In the warmer pockets, we’ve been taking to the trail and road for longer stretches. Yesterday, we hiked a hilly 1.5 mile trail that used to be a mainstay of our weekly runs. Patchy ice kept us slow and mindful as we paused to take in the solemn beaver pond, the papery molting of a birch tree and the rat a tat tat of a hairy woodpecker. I wanted to stay in the woods all afternoon, bed down against a trunk and keep believing in my wellness. Nature has always been my church. Emerging from the forest, I am never who I was upon entry. My aperture is broadened, my heart more nestled in my chest. Even now, in a body still riddled by recovery, the peeling birch, the hidden beaver and the industrious woodpecker remind me of my aliveness in a world so much richer than my singular pain.

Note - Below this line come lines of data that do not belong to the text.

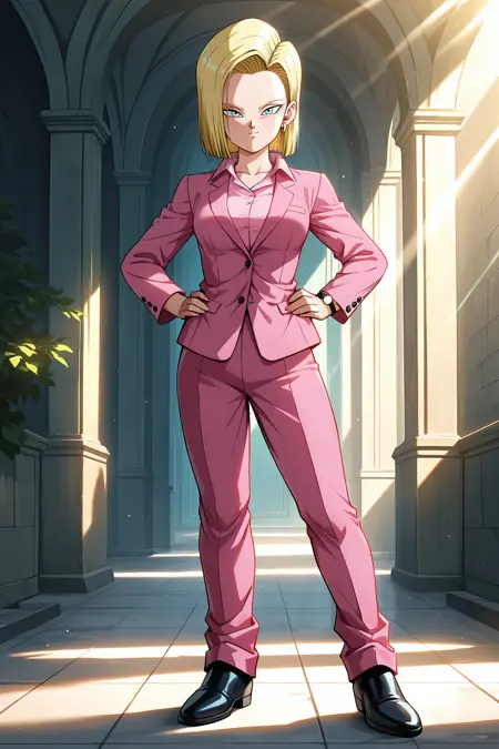 android 18, gt_outfit, 1girl, 极短发, 金发, 衬衫, 珠宝, 夹克, 耳环, 棕色皮带, 方形扣, 裤子, 项链, 高跟鞋, 正式, 红色鞋履, 珠子项链, 珍珠项链, 紫色裤子, 紫色夹克, 高腰裤, 粉色衬衫, 西装, 白色翻领
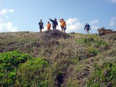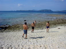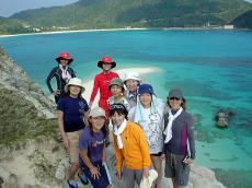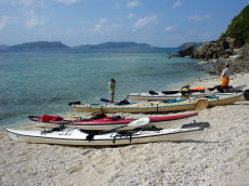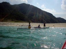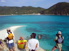 | 慶良間海峡を渡り終えるが、 船酔いでダウン気味の山本さんが 一時陸上にて休憩! |
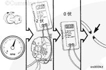 將萬(wàn)用表(康明斯零件號(hào) 3164488 或 3164489)連接至下列位置:
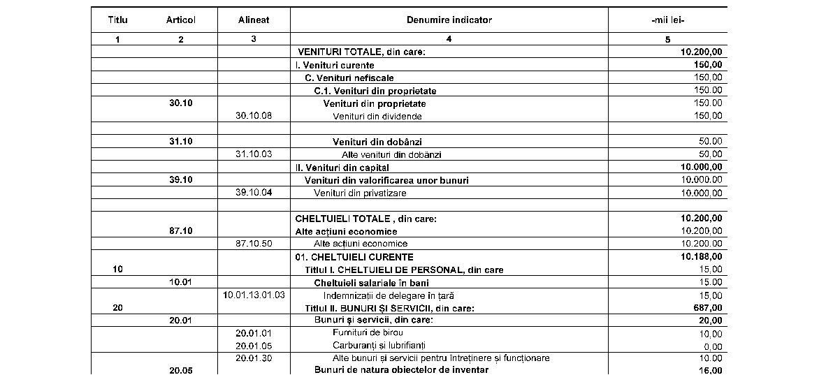 În conformitate cu dispoziţiile art. 15 alin. (3) din Ordonanţa de urgenţă a Guvernului nr. 37/2008 privind reglementarea unor măsuri financiare în domeniul bugetar, aprobată cu modificări prin Legea nr. 275/2008, cu modificările şi completările ulterioare,în temeiul art. 108 din Constituţia României, republicată, al art. 9 alin. (1) din Ordonanţa de urgenţă a Guvernului nr. 88/1997 privind privatizarea societăţilor comerciale, aprobată prin Legea nr. 44/1998, cu modificările şi completările ulterioare, şi al art. 51 din Legea nr. 137/2002 privind unele măsuri pentru accelerarea privatizării, cu modificările şi completările ulterioare,Guvernul României adoptă prezenta hotărâre. Articolul 1Se aprobă bugetul de venituri şi cheltuieli al Ministerului Dezvoltării Regionale şi Turismului privind activitatea de privatizare pe anul 2012, prevăzut în anexa care face parte integrantă din prezenta hotărâre. Articolul 2(1) Cheltuielile totale aferente veniturilor înscrise în bugetul de venituri şi cheltuieli al Ministerului Dezvoltării Regionale şi Turismului reprezintă limite maxime care nu pot fi depăşite decât în cazuri justificate şi numai cu aprobarea Guvernului.(2) În cazul în care în execuţia bugetului de venituri şi cheltuieli se înregistrează nerealizări ale veniturilor totale aprobate, Ministerul Dezvoltării Regionale şi Turismului va efectua cheltuieli totale proporţional cu gradul de realizare a veniturilor totale. Articolul 3(1) Nerespectarea prevederilor art. 2 constituie contravenţie şi se sancţionează cu amendă de la 1.000 lei la 5.000 lei.(2) Contravenţiei prevăzute la alin. (1) i se aplică dispoziţiile Ordonanţei Guvernului nr. 2/2001 privind regimul juridic al contravenţiilor, aprobată cu modificări şi completări prin Legea nr. 180/2002, cu modificările şi completările ulterioare.(3) Contravenţia se constată de către organele de control financiar ale statului, împuternicite potrivit legii, şi amenda se aplică persoanelor vinovate de nerespectarea prevederilor prezentei hotărâri.PRIM-MINISTRU MIHAI-RĂZVAN UNGUREANU Contrasemnează: Ministrul dezvoltării regionale şi turismului, Cristian Petrescu p. Ministrul finanţelor publice, Gheorghe Gherghina, secretar de stat ANEXĂ*)*) Anexa este reprodusă în facsimil.BUGETUL DE VENITURI ŞI CHELTUIELI al Ministerului Dezvoltării Regionale şi Turismului privind activitatea de privatizare pe anul 2012
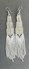 1 pair of long silver and white with black long seed bead beaded earrings. You will receive earrings pictured. The earrings are handmade with seed beads. The earrings are approximately 5" long with the ear hooks included. They are for pierced ears. 0-ea-seed-024-1
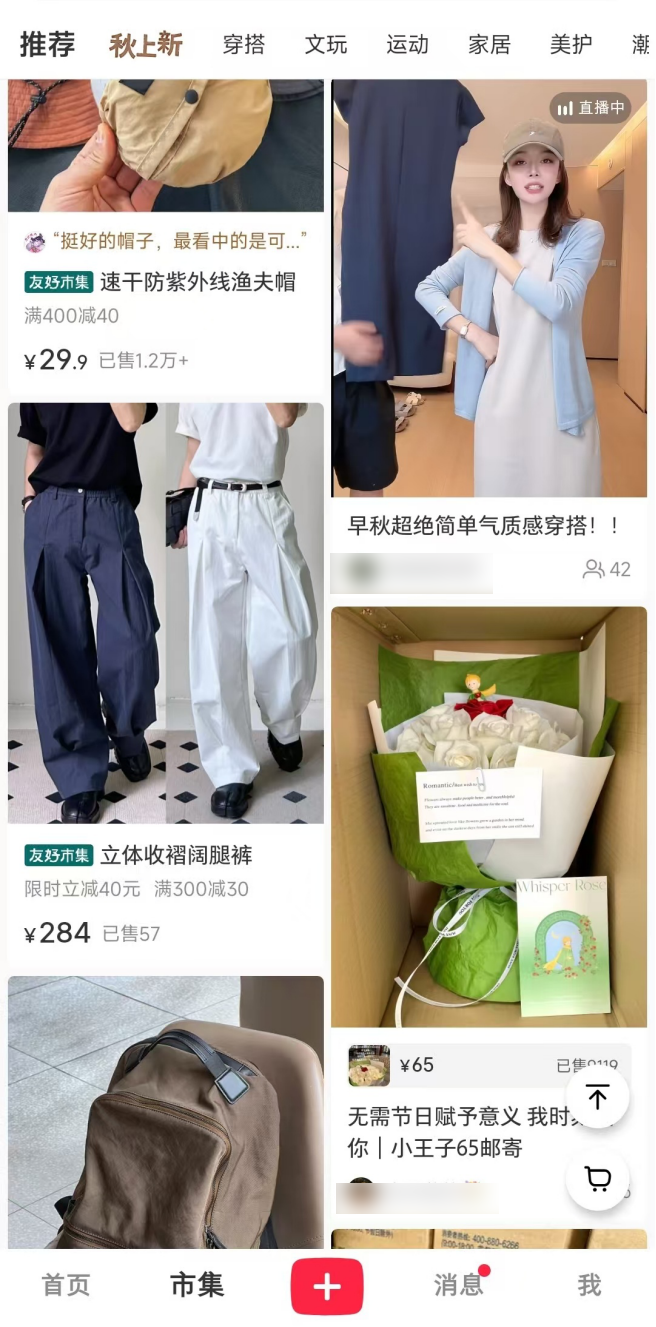 而對於內容消費的用户而言,獨立交易場景也起到了“緩衝”作用。面對“蘿蔔白菜、各有所愛”的用户,原有的商品筆記、帶貨直播等內容仍然會在社區,根據興趣有算法推薦,而對於購物意願更強烈的用户來説,市集則是一個快速滿足需求的地方。隨着小紅書購物心智的不斷滲透,或將成為更多人想要買東西時的首選。

It is the first week of the calendar year and I’ve cleared the decks, so to speak. My pin board above my desk now hangs bare; even the pins have been tucked away lest there be any pressure to make use. I need to move forward in a different way this year, unencumbered by what was still papering the wall- the map of our farm sketched over with future plans, the mantra I’d crafted while seeing an executive coach last Spring, a print of a Mary Oliver poem about joy that no longer fits the mood, a polaroid of H from our first trip to Sally Fox’s farm. Nostalgia has always been a source of torment for me, especially around the holiday season, but this year it became downright treacherous. My longing for a life I believed would just carry on has eclipsed my capacity to be creative, to welcome in constraint and make beautiful of whatever that yields. Not so much on the surface of things, but in the vastness that is our true desire when all of life is so rudely interrupted, the hope that we can return, that at some point we can be the version of who we were before- when I can run, when I can tackle farm projects, when I can travel, when I can cook and feed people, when I can be the friend I long to be, the partner I long to be- like tick marks against which our days are measured.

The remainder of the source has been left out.